Bikini Adası'na Atılan Bombaların Tuhaf Adları
1950'lerde Bikini Adası'na atılan hidrojen bombalarının tuhaf adları vardı. Bravo testinin nükleer cihazı 10.600 kg ağırlığında olmasına rağmen "Karides" olarak adlandırıldı. Bravo'dan birkaç hafta sonra yapılan Romeo testinde "Bücür I" olarak adlandırılan daha da büyük bir bomba kullanıldı. Diğer bombaların "Morgenstern" ve "Çalar Saat" gibi takma adları vardı.
Bikini Atolü Hala Yerleşime Uygun Değil
Bikini Atolü'nün sakinleri 1946'da adadan taşınırken geri dönebilecekleri sözü verilmişti. Ancak onlar Marshall Adaları'ndaki diğer adalara taşındılar. Nüfusun çoğu iki yıl boyunca sürekli açlıkla karşı karşıya kaldıkları 175 km ötedeki Rongerik Adası'na taşınmış ve uygun bir konut inşa edilmeden askeri çadırlarda yaşamaya bırakılmıştı.

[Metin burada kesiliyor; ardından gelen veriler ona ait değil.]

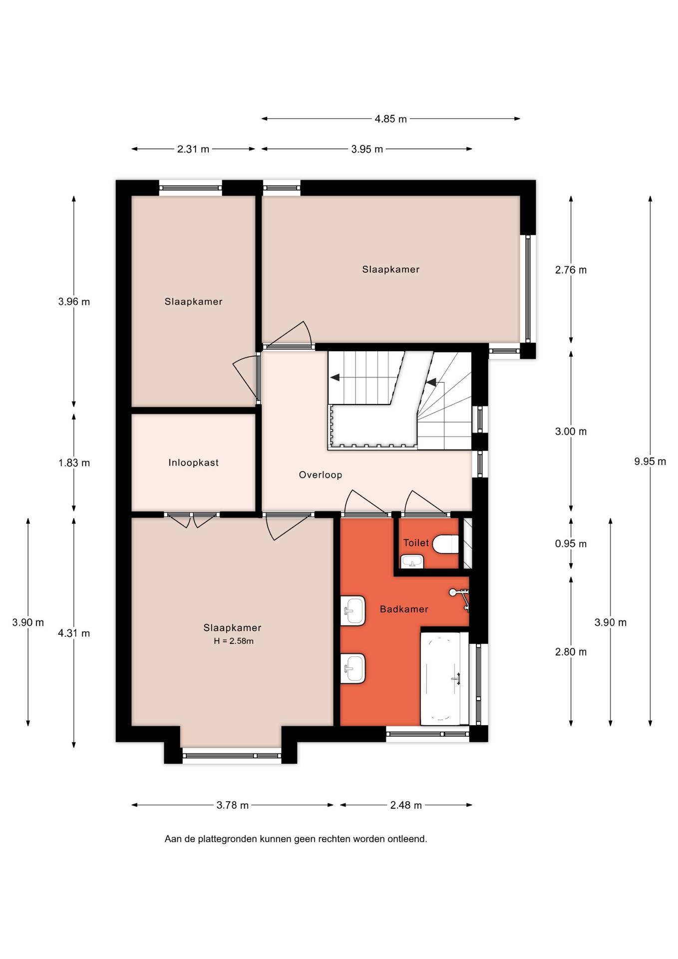 Overloop met toegang tot alle vertrekken en vaste trap naar de tweede verdieping.

1960'ların sonlarında ABD Bikini Atolü'nün insan yerleşimi için tekrar güvenli olduğunu ilan etti ve bazı eski sakinlerin dönmesine izin verdi. Ancak on yıl sonra yapılan bir çalışma geri dönenlerin vücutlarındaki Sezyum-137 seviyelerinin yüzde 75 arttığını gösterince ada yeniden yerleşime kapatıldı.
Bikini sakinleri, bu kez 720 km uzaklıktaki Kili Adası'na yerleştirildi. Bilim adamları Bikini Atolü'ne dönmenin hala güvenli olmadığını söylüyor. Yiyeceklerdeki Sezyum-137 seviyeleri, arka plan gama radyasyonu ve toprak ve okyanus tortusunda çeşitli izotopların varlığı Bikini Adası'nı yaşanılmaz kılar.
2010 yılında UNESCO, Bikini Atolü'nü nükleer silahların korkunç gücünü ve insanlık üzerindeki etkilerini hatırlatmak için Dünya Mirası Alanı ilan etti.